• _RAW DATA_
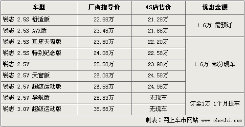 據(jù)一汽豐田4S店銷售人員介紹,目前銳志可優(yōu)惠1.6萬(wàn)元,現(xiàn)車比較齊全,一般購(gòu)買車型主要集中在舒適版和紀(jì)念版,消費(fèi)者可根據(jù)需要選購(gòu)。另?yè)?jù)介紹,新銳志車型要在明年4月北京車展亮相,之后2個(gè)月左右才可以購(gòu)買到,并且新款車型剛上市不會(huì)有現(xiàn)款這么大的優(yōu)惠空間,目前購(gòu)買現(xiàn)款銳志也是一個(gè)不錯(cuò)的選擇。如消費(fèi)者有意購(gòu)買,到店詳談會(huì)有更優(yōu)惠的價(jià)格。北京地區(qū)各4S店由于訂單不同,各店銷售的現(xiàn)車顏色有所不同。
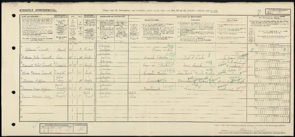 The household of Edward and Caroline Lauderdale was recorded in the 1939 Register taken on 29 Sep 1939 in London, S.W.8 living at 8 Allen Edwards Road. The household consisted of Horace and his wife Alice, Alice's brother William and her adopted sister Louise Fippen. Just before the register was compiled 3 other members of the household – William and Harriet Mackellow, and Jack Richmond (Harriet was Alice's sister and Jack was her son) moved to Brighton to live with William’s brother and his wife (Harry & Francis Mackellow) as part of the voluntary evacuation from London.120
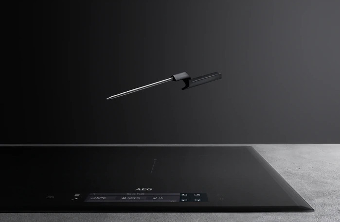 Τελειοποιήστε κάθε πιάτο με τον ασύρματο αισθητήρα φαγητού. Ο ασύρματος αισθητήρας ανιχνεύει θερμοκρασίες με ακρίβεια ενός βαθμού και προσαρμόζει τις ρυθμίσεις στις εστίες. Η μέτρηση και η διατήρηση της θερμοκρασίας είναι τόσο ακριβείς, που μπορείτε ακόμη και να κάνετε sous-vide.
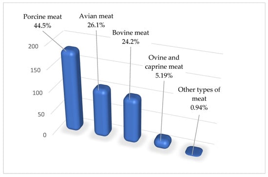 The water footprint of residents’ meat consumption by type is shown in Figure 3. Thus, among the types of meat consumed by Romanian residents, pork contributed the most to the total water footprint of meat consumption, representing 44.5% of the total. This was followed by avian meat with 26.1% and bovine meat with 24.2%.

• _TO DO_
Your copy should hold only the lines from the line with "The household of" through the end of the data above, both ends included, transcribed exactly and without pictures.

• _WRITTEN SOLUTION_
 The household of Edward and Caroline Lauderdale was recorded in the 1939 Register taken on 29 Sep 1939 in London, S.W.8 living at 8 Allen Edwards Road. The household consisted of Horace and his wife Alice, Alice's brother William and her adopted sister Louise Fippen. Just before the register was compiled 3 other members of the household – William and Harriet Mackellow, and Jack Richmond (Harriet was Alice's sister and Jack was her son) moved to Brighton to live with William’s brother and his wife (Harry & Francis Mackellow) as part of the voluntary evacuation from London.120
 Τελειοποιήστε κάθε πιάτο με τον ασύρματο αισθητήρα φαγητού. Ο ασύρματος αισθητήρας ανιχνεύει θερμοκρασίες με ακρίβεια ενός βαθμού και προσαρμόζει τις ρυθμίσεις στις εστίες. Η μέτρηση και η διατήρηση της θερμοκρασίας είναι τόσο ακριβείς, που μπορείτε ακόμη και να κάνετε sous-vide.
 The water footprint of residents’ meat consumption by type is shown in Figure 3. Thus, among the types of meat consumed by Romanian residents, pork contributed the most to the total water footprint of meat consumption, representing 44.5% of the total. This was followed by avian meat with 26.1% and bovine meat with 24.2%.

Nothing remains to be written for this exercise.